《恋愛マニュアル》
《恋愛マニュアル》。イタリア映画祭2006(有楽町朝日ホール)。会場は、混んでいて、臨時の座席がかなり出ていたようだ。
ジョヴァンニ・ヴェロネージ監督。オムニバス映画で、「恋」、「危機」、「浮気」、「別離」からなる。上映前と後に、「浮気」に登場するディーノ・アッブレーシャの挨拶があった。
「恋」は若者の、「危機」は倦怠期(マルゲリータ・ブイとセルジョ・ルビーニのくたびれた夫婦はリアル)のとそれぞれのカップルの様相が描かれる。
ここからネタバレの部分あります。
「浮気」で婦人警官オルネッラを演じたルチャーナ・リッティゼットは快演だった。

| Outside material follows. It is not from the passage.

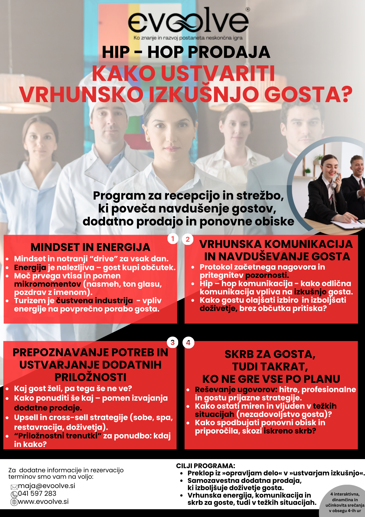 Program je namenjen sodelavcem v recepciji in strežbi in jih opremi z veščinami, ki bivanje gosta spremenijo v pravo doživetje.

愉快なキャラクターを小気味よく演じ、言葉づかいも含め歯切れがよい。夫の浮気を知って逆上する場面、自分もふとしたきっかけでニュース・キャスターと一夜を過ごしてしまうオチ、これがある爽やかさを持って感じられるようになったところに、時代を感じる。おそらく、イタリアで、こういうシナリオが企画として通るようになったのはそう昔のことではないと想像する。
「別離」で、浮気をしようとしたところに夫が帰ってきて、というのは、コメディア・デラルテのよくある手だそうだ。18世紀のロココの絵画などにもお決まりのパターンで描かれている。逃れ出たところがバルコニーでなく、目もくらむような高さでわずかな縁しかないところが映画的であった。
4つのエピソードは、快適なテンポで進み、よく考えると、コメディア・デラルテのパターンにあてはめるためにリアリズムからはずれているところもあるのだが、そんなことは気にならずに大いに楽しめる映画だった。
追記:
同時上映の短編 《リトル・ボーイ》は、興味深い作品だった。ふわふわの毛足の長いしきものの上に子供がうずくまって寝ている。光が明滅し、どうもこの子供が胎児のようだと感じる。
だんだん、怪しげな、強迫的な音楽とリズムになってくる。
ここから先、ネタバレです。
これは、もしかして、妊娠中絶を告発する映画なのだろうかと思った。しかし、すぐにそれは勘違いであることが判明した。リトル・ボーイが何万人を殺したというナレーションが入る。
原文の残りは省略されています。